Ordinary functions cannot be converted into first-class function objects; to accomplish this, a closure template with no closure variables must be created, and loaded with new_closure and no args. Therefore, backends SHOULD optimise for the special case where args is empty, to avoid constructing a new closure object where possible.
The terminator instructions may only appear at the end of a basic block, after any other instructions. These instructions are responsible for control flow decisions, about where to jump to after the current block. Each block must have precisely one terminator instruction at the end.

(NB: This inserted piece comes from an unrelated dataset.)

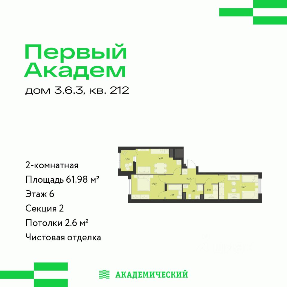 Проект от основателя и главного застройщика Академического района. Расположение и инфраструктура: Квартал "Первый Академ" включает восемь блоков домов, две школы и четыре детских сада в периметре улиц Краснолесья А. Мехренцева Ак. Вонсовского Очеретина. Сроки строительства квартала: 1 квартал 2023 3 квартал 2028. В числе особых преимуществ близость к Юго-западному лесопарку и ТРЦ "Академический": магазины, кафе, парк развлечений, кинотеатр, фитнесс-центр с бассейном. Развитая транспортная развязка, включающая трамвайную линию. На территории квартала планируется: видеонаблюдение 24/7, подземный паркинг с доступом на лифте, кладовые, велодорожки, многоуровневое озеленение, workout зоны для уличного фитнеса, детские игровые комплексы в эко-стиле. На первых этажах будут располагаться торговые галереи.

Conditional branch based on the value of the control variable. Matches either numbers (if control has type Num) or algebraic data type constructors. cases is a list of (num-or-constructor-name - block) pairs. If control matches one of the cases, branches to that basic block. Otherwise, branches to default (which is a block ID). default is optional, but MUST NOT be omitted unless the control is an algebraic type, and the cases cover all of the type’s constructors (in particular, it MUST NOT be omitted for switches over numbers). Two cases MUST NOT have the same case value.
This is a very low-level operation compared to Mars’ switch statement, because it cannot bind variables or match recursively. The Mars compiler handles variable bindings using the ld_field instruction. See switch factoring for the rather complicated algorithm that performs this translation.